Les milieux naturels comme le fleuve Saint-Laurent représentent une très grande richesse. Si celle-ci peut facilement être évaluée par les recettes de certaines activités commerciales, comme le tourisme ou le transport, il est plus difficile d’évaluer la valeur liée à la protection environnementale. L’étudiante en gestion des ressources maritimes Roxane Boquet vient de déposer les résultats de ses recherches qui chiffrent cette valeur non marchande à plus de 25 millions de dollars par année, uniquement pour la zone du Parc marin Saguenay-Saint-Laurent.

Dans le cadre de sa Stratégie maritime, le gouvernement du Québec s’est engagé en juin 2015 à protéger 10 % de la superficie de l’estuaire et du golfe du Saint-Laurent d’ici 2020 par le biais de projets d’aires marines protégées, comme celle du Parc marin Saguenay-Saint-Laurent, la seule zone maritime officiellement protégée au Québec. Toutefois, la valeur de la protection des ressources naturelles est difficile à comparer d’un point de vue financier avec la valeur des projets de développement économique, où les évaluations sont chiffrées en dollars. 

Roxane Boquet a déposé en décembre 2015 son mémoire de recherche de maîtrise portant sur l’estimation des valeurs non marchandes du Parc marin du Saguenay–Saint-Laurent. L’analyse a été réalisée avec la collaboration de plus de 25 experts du milieu marin du Québec et du Canada. « Nous avons d’abord répertorié l’éventail des « services » non marchands que le Saint-Laurent procure : régulation du climat, séquestration du carbone atmosphérique dans les océans, beauté du paysage, observation des oiseaux, etc. Puis, en comparant avec plusieurs études d’évaluation environnementale réalisées antérieurement dans d’autres régions du globe, nous avons pu établir une valeur annuelle en dollars par hectare pour chaque service. Ce montant représente concrètement le prix que l’on est prêt à payer pour protéger les ressources », explique-t-elle.
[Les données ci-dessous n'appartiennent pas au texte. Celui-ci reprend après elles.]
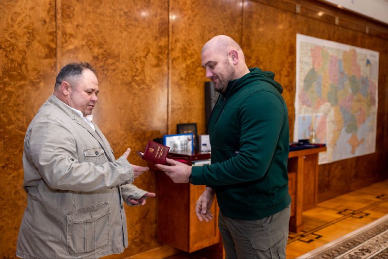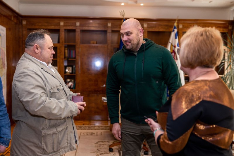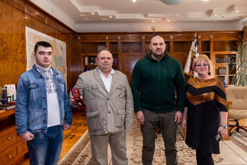 Передав власнику державну відзнаку «Заслужений донор України». Поспілкувався з його «групою підтримки» – дружиною і сином.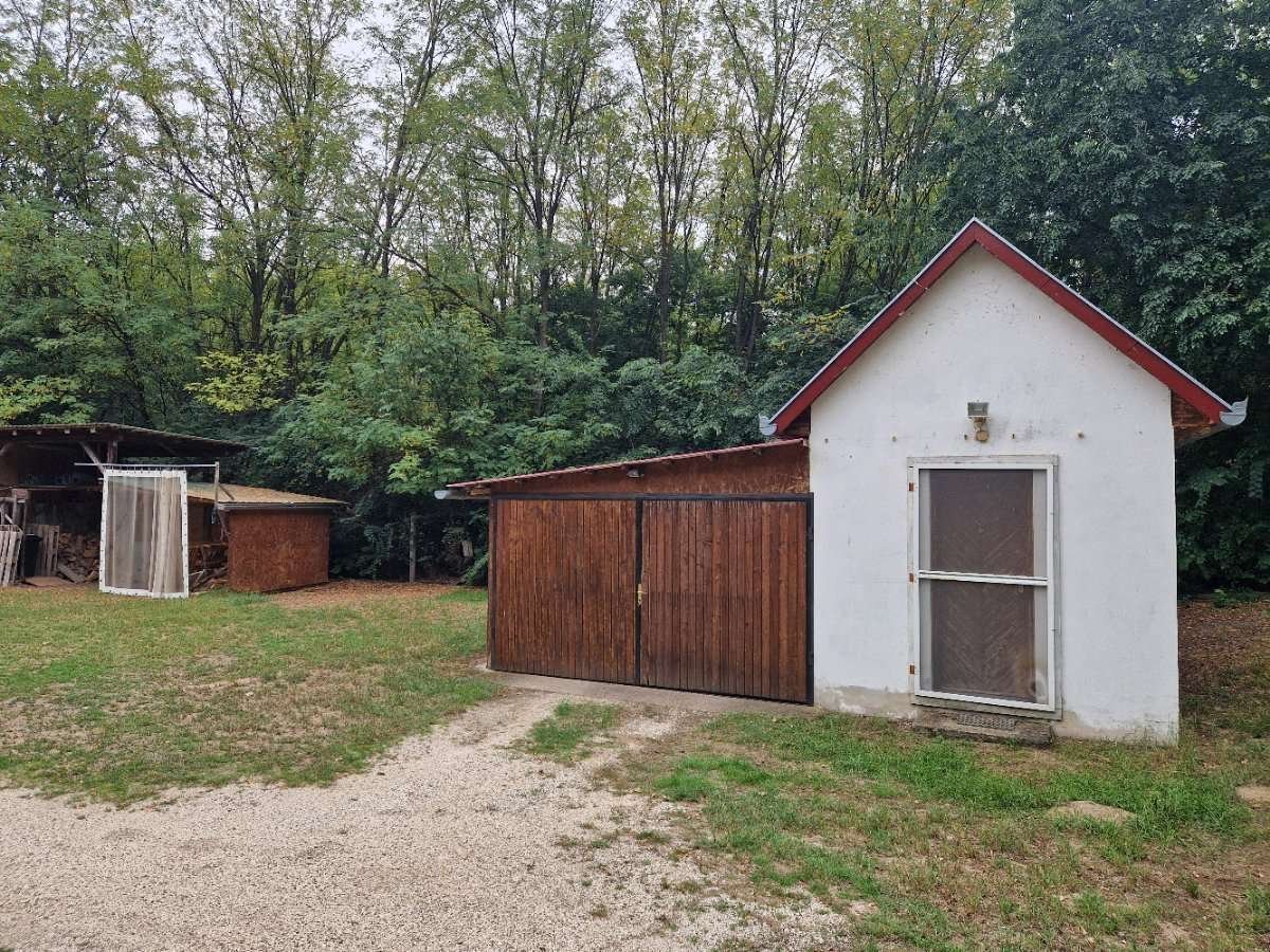 Das Hauptgebäude ist 90 m² groß, dazu kommen zwei Nebengebäude, zwei Garagen und ein Keller!

Pour toute la zone du Parc marin Saguenay-Saint-Laurent, qui s’étend sur 1245 km2 du village des Escoumins à celui de St-Fidèle dans Charlevoix et jusqu’à Sainte-Rose-du-Nord dans le fjord du Saguenay, les résultats conduisent à une valeur non marchande considérable, estimée environ de 27 à 32 millions de dollars par année. « Certains éléments ont été déterminés comme les plus sensibles par le panel d’experts, comme la protection de certaines espèces de poissons et de crustacés en importante baisse ou encore la protection de la biodiversité, comme les pouponnières à bélugas. Les aspects de la régulation du climat et des opportunités touristiques figurent aussi parmi ceux ayant la plus grande valeur non marchande. En revanche, la beauté du paysage serait moins déterminant », précise Mme Boquet. 
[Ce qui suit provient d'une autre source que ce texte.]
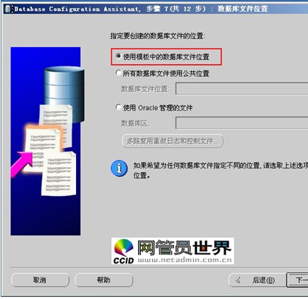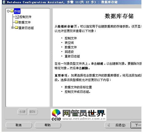 單擊“下一步”,會出現(xiàn)“數(shù)據(jù)庫存儲”對話框,該對話框用指定控制文件、數(shù)據(jù)文件、重做日志文件、名稱和尺寸。如圖13:

« Dans le cadre de projets de développement économique, comme celui du terminal méthanier sur le site du port de Gros-Cacouna, les décisions des parties prenantes se fondent essentiellement sur la comparaison de valeurs différentes. Ainsi, cette approche a été développée afin de donner une valeur en dollars à la protection de l’environnement, et de l’intégrer alors dans la prise de décisions », souligne-t-elle. Soulignons que Mme Boquet a fait sa maîtrise sous la direction du professeur Claude Rioux, directeur du comité de programmes d'études avancées en gestion des ressources maritimes.

Avant sa maîtrise en gestion des ressources maritimes, Roxane Boquet s’est d’abord inscrite au diplôme d'études supérieures spécialisées (DESS) en gestion des ressources maritimes. Au terme du DESS, elle a réalisé un stage auprès de l’organisme Stratégie Saint-Laurent, qui regroupe les comités de zones d'intervention prioritaire (ZIP) du Québec. « J’ai eu le mandat de documenter la perception des riverains du fleuve face aux projets d’implantation de futures aires marines protégées au Québec, mais aussi les mesures de gestion qui en favoriseraient une plus grande acceptabilité sociale. Ce stage a pavé la voie de mon parcours en recherche », conclut-elle.